Your assignment: Would you restate every entry below word for word? Leave out the pictures.

(Records from a data collection)
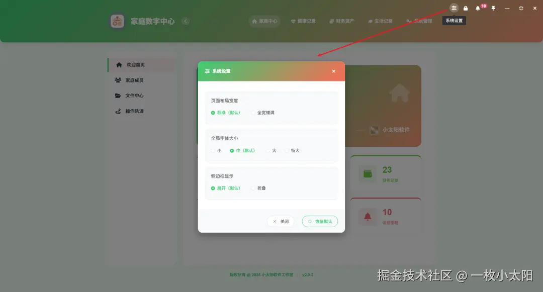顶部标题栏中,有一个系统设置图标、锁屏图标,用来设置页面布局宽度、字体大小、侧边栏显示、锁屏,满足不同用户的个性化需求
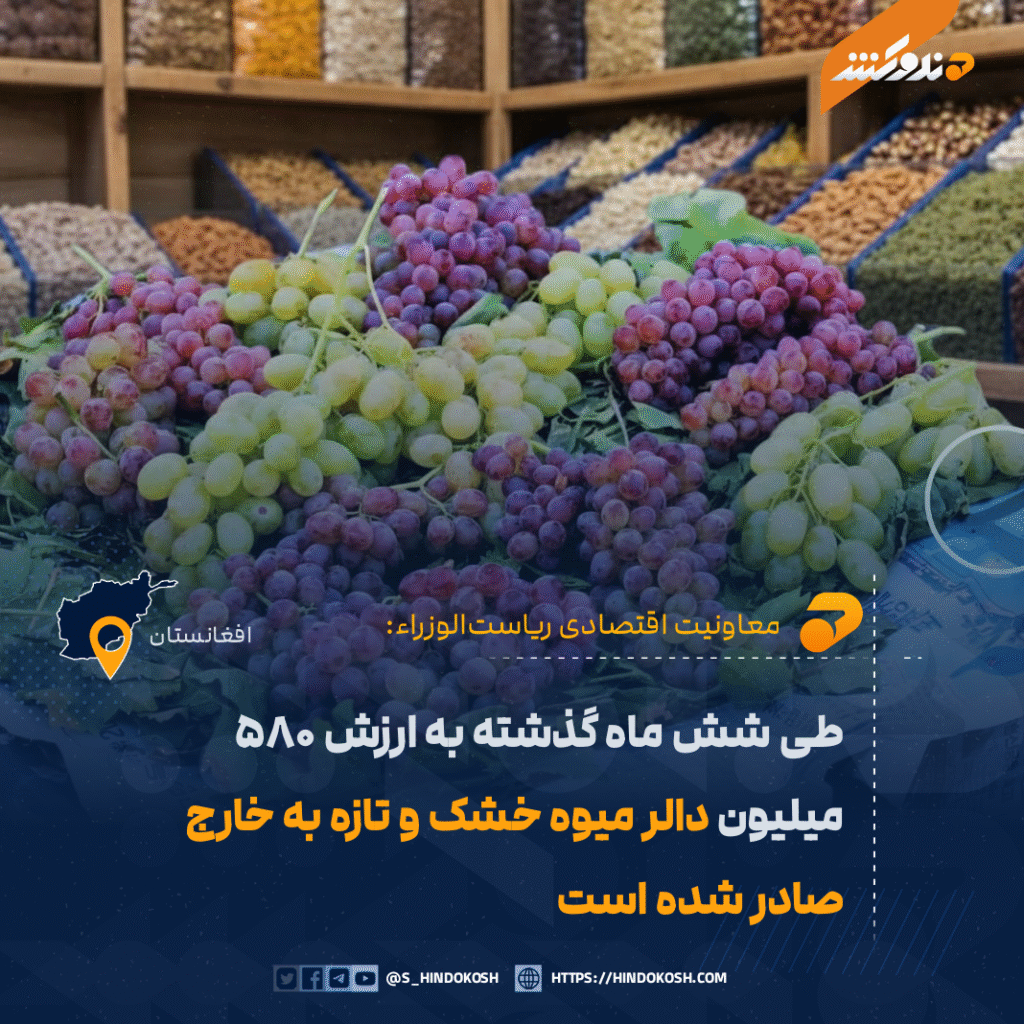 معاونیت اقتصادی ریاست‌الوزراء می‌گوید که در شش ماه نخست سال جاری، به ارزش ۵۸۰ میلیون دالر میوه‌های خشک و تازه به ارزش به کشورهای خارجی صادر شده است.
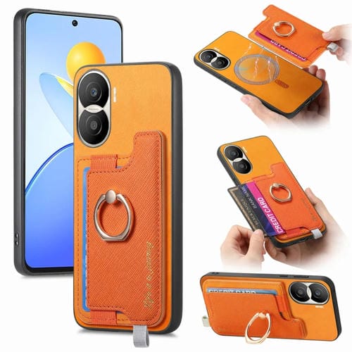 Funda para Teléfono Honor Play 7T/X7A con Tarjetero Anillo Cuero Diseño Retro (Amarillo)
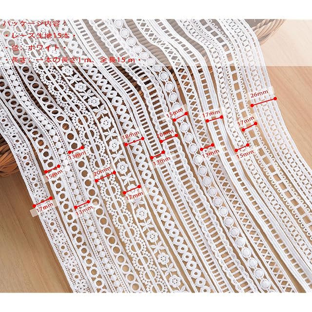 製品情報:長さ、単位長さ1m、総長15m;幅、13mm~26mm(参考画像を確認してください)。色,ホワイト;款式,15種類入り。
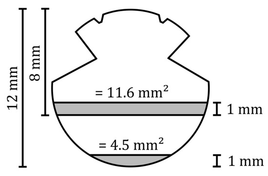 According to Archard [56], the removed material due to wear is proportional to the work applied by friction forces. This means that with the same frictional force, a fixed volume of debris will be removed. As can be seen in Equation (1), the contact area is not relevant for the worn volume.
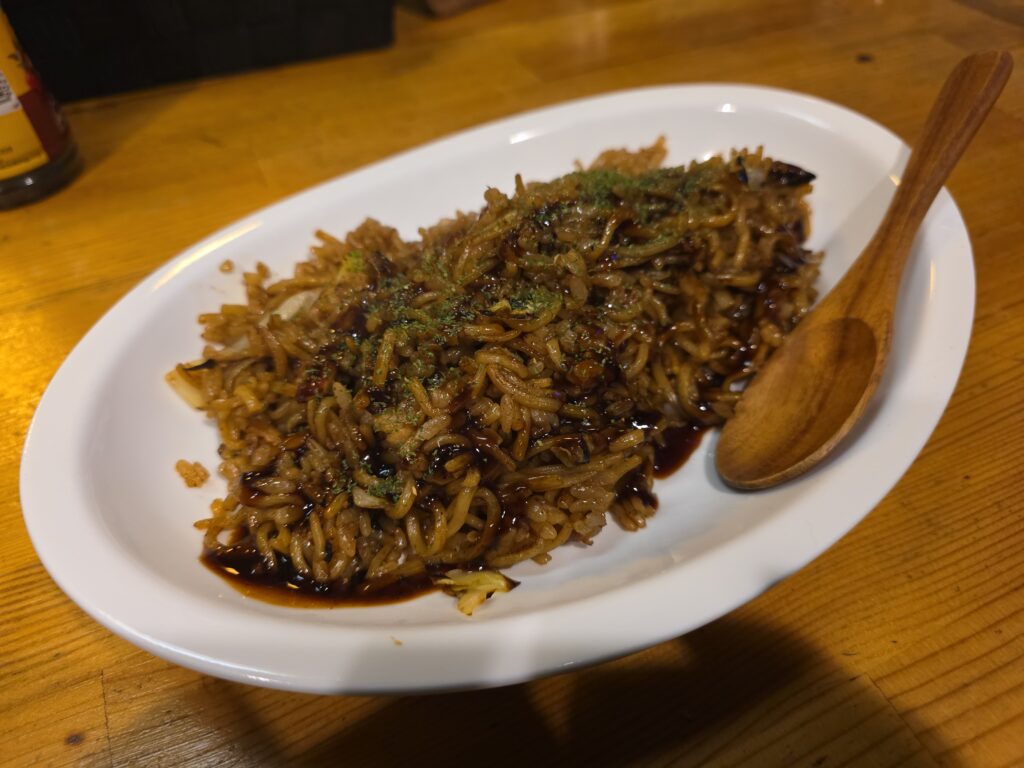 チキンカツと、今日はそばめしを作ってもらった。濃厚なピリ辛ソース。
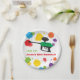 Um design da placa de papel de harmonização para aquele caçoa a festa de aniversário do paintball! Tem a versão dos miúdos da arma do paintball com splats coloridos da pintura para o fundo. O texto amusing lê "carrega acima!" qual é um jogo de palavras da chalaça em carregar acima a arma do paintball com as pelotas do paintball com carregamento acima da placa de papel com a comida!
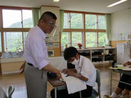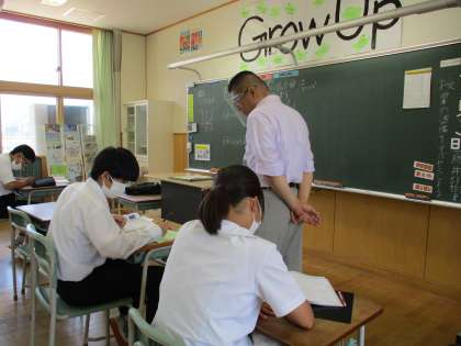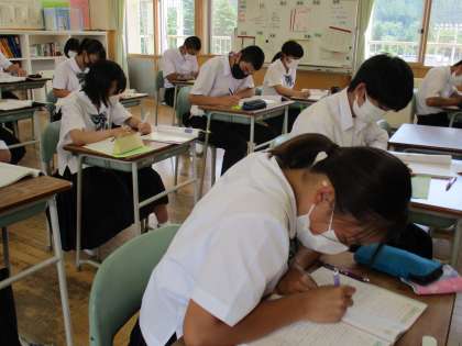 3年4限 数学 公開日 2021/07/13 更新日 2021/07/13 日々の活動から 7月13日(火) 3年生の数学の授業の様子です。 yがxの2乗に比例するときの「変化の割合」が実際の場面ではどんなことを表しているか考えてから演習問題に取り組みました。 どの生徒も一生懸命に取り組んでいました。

Solution for this exercise:
顶部标题栏中,有一个系统设置图标、锁屏图标,用来设置页面布局宽度、字体大小、侧边栏显示、锁屏,满足不同用户的个性化需求
 معاونیت اقتصادی ریاست‌الوزراء می‌گوید که در شش ماه نخست سال جاری، به ارزش ۵۸۰ میلیون دالر میوه‌های خشک و تازه به ارزش به کشورهای خارجی صادر شده است.
 Funda para Teléfono Honor Play 7T/X7A con Tarjetero Anillo Cuero Diseño Retro (Amarillo)
 製品情報:長さ、単位長さ1m、総長15m;幅、13mm~26mm(参考画像を確認してください)。色,ホワイト;款式,15種類入り。
 According to Archard [56], the removed material due to wear is proportional to the work applied by friction forces. This means that with the same frictional force, a fixed volume of debris will be removed. As can be seen in Equation (1), the contact area is not relevant for the worn volume.
 チキンカツと、今日はそばめしを作ってもらった。濃厚なピリ辛ソース。
 Um design da placa de papel de harmonização para aquele caçoa a festa de aniversário do paintball! Tem a versão dos miúdos da arma do paintball com splats coloridos da pintura para o fundo. O texto amusing lê "carrega acima!" qual é um jogo de palavras da chalaça em carregar acima a arma do paintball com as pelotas do paintball com carregamento acima da placa de papel com a comida!
 3年4限 数学 公開日 2021/07/13 更新日 2021/07/13 日々の活動から 7月13日(火) 3年生の数学の授業の様子です。 yがxの2乗に比例するときの「変化の割合」が実際の場面ではどんなことを表しているか考えてから演習問題に取り組みました。 どの生徒も一生懸命に取り組んでいました。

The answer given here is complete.